Jika dalam keadaan defisit, istri tentunya tahu biaya apa saja yang bisa dikurangi seperti mengurangi/menutup penggunaan kartu kredit, penghematan penggunaan listrik (a/c diganti dengan kipas angin), dispenser digantikan dengan masak dengan gas, makan diluar diganti dengan makan masakan sendiri, beli baju di butik diganti dengan mendaur ulang baju lama sehingga bisa tampak baru, dan cara lainnya yang tentunya disepakati oleh semua anggota keluarga.

Begitu juga jika dalam keadaan surplus, istri bisa menyarankan suami bahwa sisa pendapatan bulanan ditabungkan di bank A, di perusahaan asuransi B, di belikan reksadana di perusahaan C atau diinvestasikan di asset yang bisa memberikan passive income. Tentunya semua itu harus sesuai dengan tuntutan syariah dan aman ketika menginvestasikan surplus pendapatan tersebut seperti menginvestasikan di perusahaan yang jelas izin syariah dan operasional.

Rujukan investasi selayaknya didapat dari seorang financial planner namun dengan bekal membaca dan mengikuti kursus singkat, para suami istri dapat merancang pola investasi sendiri.

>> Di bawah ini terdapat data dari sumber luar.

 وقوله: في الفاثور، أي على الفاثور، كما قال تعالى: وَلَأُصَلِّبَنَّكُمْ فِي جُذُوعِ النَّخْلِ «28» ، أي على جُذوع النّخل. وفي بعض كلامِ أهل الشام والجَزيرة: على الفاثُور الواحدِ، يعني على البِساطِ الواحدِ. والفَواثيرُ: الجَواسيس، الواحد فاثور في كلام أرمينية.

Bagaimana supaya keuangan keluarga bisa diberkahi oleh Allah?

Sebelum merancang keuangan keluarga, tentunya ada beberapa rambu yang harus diperhatikan yaitu bagaimana supaya keuangan keluarga kita bisa diberkahi oleh Allah S.W.T. Banyak sekali keluarga Muslim mengeluh, mengapa sudah bekerja keras selama 24 jam rezeki yang di dapat hanya itu itu saja, hanya cukup untuk sehari, seminggu atau sebulan. Banyak juga yang mengeluh bahwa walaupun pendapatannya lebih tinggi dari bulan sebelumnya tetapi tetap juga merasa kurang atau hutang tetap saja ada dan tidak bisa menyisihkan sedikitpun untuk ditabungkan atau digunakan untuk liburan keluarga.

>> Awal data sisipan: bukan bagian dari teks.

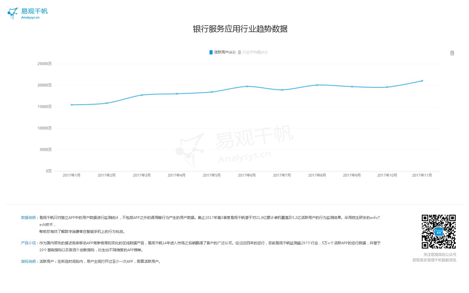 2017年11月,由于网络购物、营销活动力度加大等因素影响,银行服务应用APP活跃用户普遍上涨。根据易观千帆最新数据显示,2017年11月,银行服务应用领域活跃用户达21040.7万户,环比增长7.52%。

Ada beberapa tips supaya keuangan keluarga kita bisa mendapatkan barokah yaitu dengan cara melakukan amal – amal soleh sebagai berikut:

1. Niat Mencari Rezeki

Pertama, marilah kita luruskan niat kita ketika bekerja, berdagang dan bertransaksi mumalah, bahwa semata – mata untuk mencari ridho Allah dan untuk beribadah kepadaNya. Jadi, tidak dipenuhi dengan target karena ketamakan dan ambisi duniawi semata.

Selain itu, dibinalah sifat qona’ah dan lapang dada dengan pembagian Allah Subhanahu wa Ta’ala, karena hal itu merupakan kekayaan yang tidak ada bandingannya. Dengan jiwa yang dipenuhi dengan qona’ah, dan keridhaan dengan segala rizki yang Allah turunkan untuknya, maka keberkahan akan datang kepadanya. Rasulullah bersabda:

“Sesungguhnya Allah Yang Maha Luas Karunia-nya lagi Maha Tinggi, akan menguji setiap hamba-Nya dengan rizki yang telah Ia berikan kepadanya. Barangsiapa yang ridha dengan pembagian Allah Subhanahu wa Ta’ala, maka Allah akan memberkahi dan melapangkan rizki tersebut untuknya. Dan barangsiapa yang tidak ridha (tidak puas), niscaya rizkinya tidak akan diberkahi” (HR Ahmad dan dishahihkan oleh Al-Albani)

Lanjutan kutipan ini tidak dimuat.